Last updated: April 2026
Vest is a cashback rewards platform operated by Vest Technologies ("Vest", "we", "us"). This Privacy Policy explains how we collect, use, share, and protect personal information when you use the Vest platform — whether accessed at getvest.ai or through a third-party Operator that has embedded the Vest infrastructure under their own brand. References to "the platform" include both access paths.
We collect: (a) Registration data — your email address, display name (optional), and hashed password when you create an account. (b) Subscription & cashback data — the tools you subscribe to, the Vest tracking links you generate, cashback events credited to your account, your loyalty tier, and payout history. (c) Affiliate click data — when you click a Vest tracking link, we log a click record containing your user ID, the destination tool, a unique click ID, a timestamp, your IP address, and the referring URL. This data is essential for attributing cashback correctly. (d) Self-reported data — if you manually report a subscription, we collect the details you provide (tool name, subscription plan, start date, and any supporting information). (e) Device & usage data — browser type, device type, operating system, pages visited, and session duration, used to operate and improve the platform. (f) Push notification subscription — if you enable push notifications, we store your browser push endpoint token.

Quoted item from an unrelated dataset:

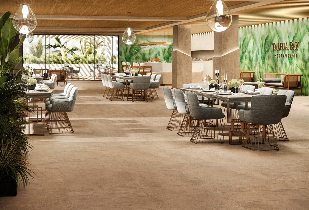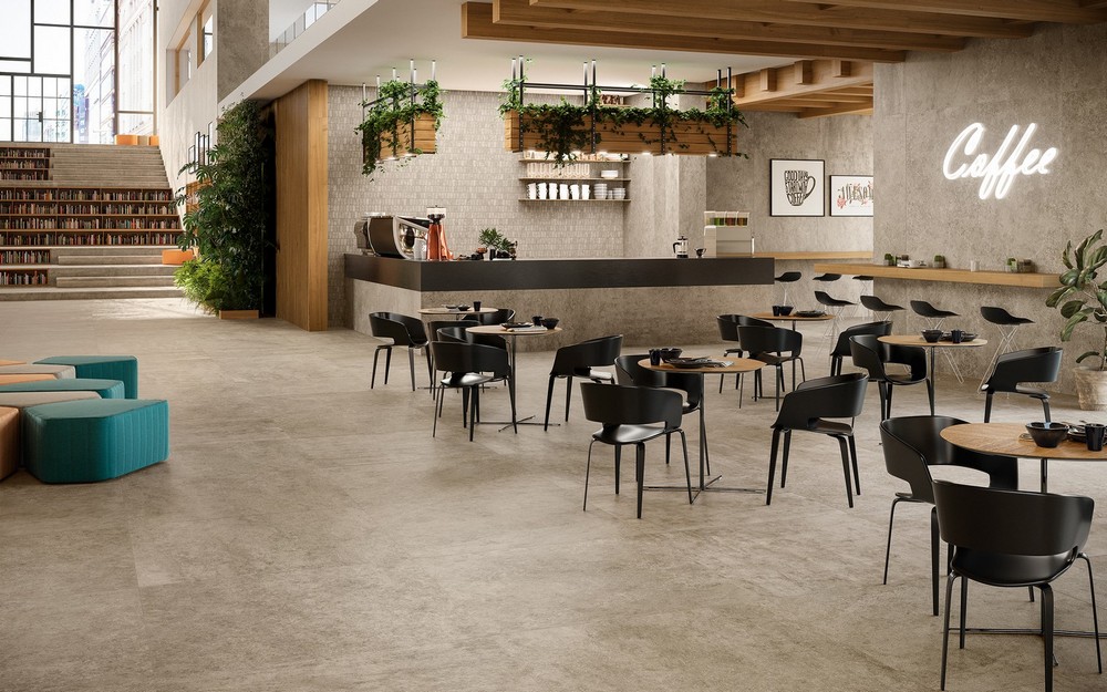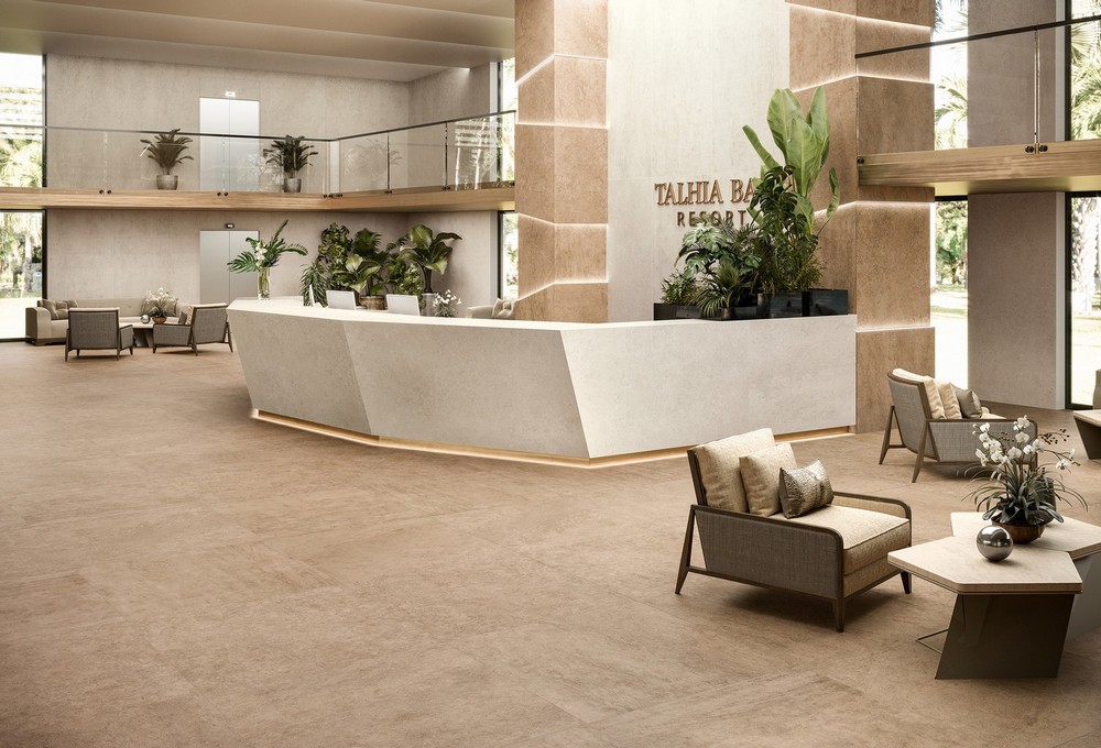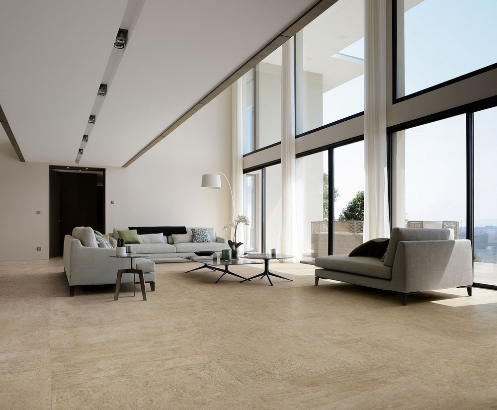 Для напольного покрытия доступны керамогранитные плитки различных размеров. Формат керамогранита с матовым покрытием составляет: 37,5×75 см, 75×75 см, 75×150 см, 120×120 см. Пористая керамика значительно предотвращает скольжение, не дает блики при любом освещении, понижает нагрузку на интерьер и зрение. Керамика с антислиповым покрытием имеет размер 37,5×75 см. Также коллекция включает изделия с фактурной поверхностью и дополнительным утолщением на 20 мм в двух размерах: 60×60 см и 60×120 см. Компания предлагает холст макси-формата 120×278 см и толщиной 6 мм для воплощения самых смелых и нестандартных вариантов дизайна. Большие пластины позволяют покрывать поверхности с меньшим количеством швов. Цветовая палитра керамогранита состоит из спокойных, универсальных цветов, таких как серый (Grey), бежевый (Beige), песочный (Desert) и слоновая кость (Ivory). Неоспоримыми преимуществами коллекции Atlas Concorde Lims являются высокая устойчивость к химикатам и механическим повреждениям, длительный срок службы и огнеупорность. Все изделия безопасны для здоровья.
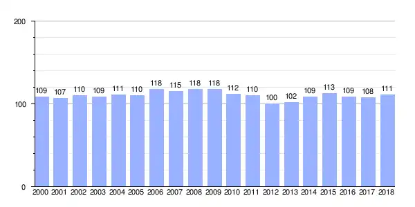 | Gráfica de evolución demográfica de Soigrexa entre 2000 y 2018 |

Vest's cashback programme operates through affiliate networks (such as PartnerStack, Impact, Rewardful, and others). When you click a Vest tracking link: (a) We embed a unique click ID in the URL that is transmitted to the affiliate network's servers. (b) The affiliate network may set a tracking cookie in your browser to maintain the attribution window. (c) If you subscribe to the tool, the affiliate network sends a postback (server-to-server notification) or API update to Vest containing your click ID, the subscription value, and the commission amount. We use this postback to credit your cashback. The affiliate network's own privacy policy governs how they handle your data. We do not control what the affiliate network stores about you, and we encourage you to review their policies. Vest does not share your full name or payment details with affiliate networks; only the anonymous click ID is transmitted.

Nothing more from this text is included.